Points

The abstract point

The point is what is shown here:

$\bullet$

As a category, we can interpret this as a category with a single object $\bullet$ and a single morphism (the identity morphism on the object, which is not shown in the picture since it is automatic). This can be generalised recursively to higher categories; as an $(n+1)$-category, the point consists of a single object $\bullet$ whose endomorphism $n$-category is the point (now understood as an $n$-category). Of course, to make this work, the point must be a symmetric monoidal $n$-category at each stage, but it is (in a unique way). In the limit, the point can even be understood as an $\infty$-category, with a unique $j$-morphism for each $j \geq 0$ (each of which is an identity for $j \gt 0$).

In the other direction, the point is a singleton set with a unique element $\bullet$. It can also be seen as a truth value that is true. It can even be understood as the $(-2)$-category.
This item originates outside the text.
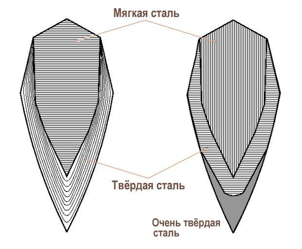 | Keywords: Japanese sword cross-section layers.png  en Cross section of japanese sword Different structures of steel layers ru Сечение типичного японского меча Показаны два  асп ост анённых ва ианта комбини ующих сталь с  азным соде жанием угле ода и  азным нап авлением слоёв стали Own Vissarion 2008 Vissarion Japanese sword blade cross sections Blades by shape Mêlée weapons |

As a topological space, the point space is the usual point from geometry: that which has no part. In more modern language, we might say that it has no structure —except that something exists. (So it is not empty!) This is consistent with the preceding paragraphs using the interpretation of a topological space as an $\infty$-groupoid. (But up to homotopy equivalence, any contractible space qualifies as a point.)

In all of the above, the point can be seen as a terminal object in an appropriate category (or $\infty$-category). However, you can also see it as a null object in a category of pointed objects. (Of course, it's always true that a terminal object $1$ in $C$ becomes a null object in $1/C$, but the dual argument also holds, so the question is which is the primary picture.)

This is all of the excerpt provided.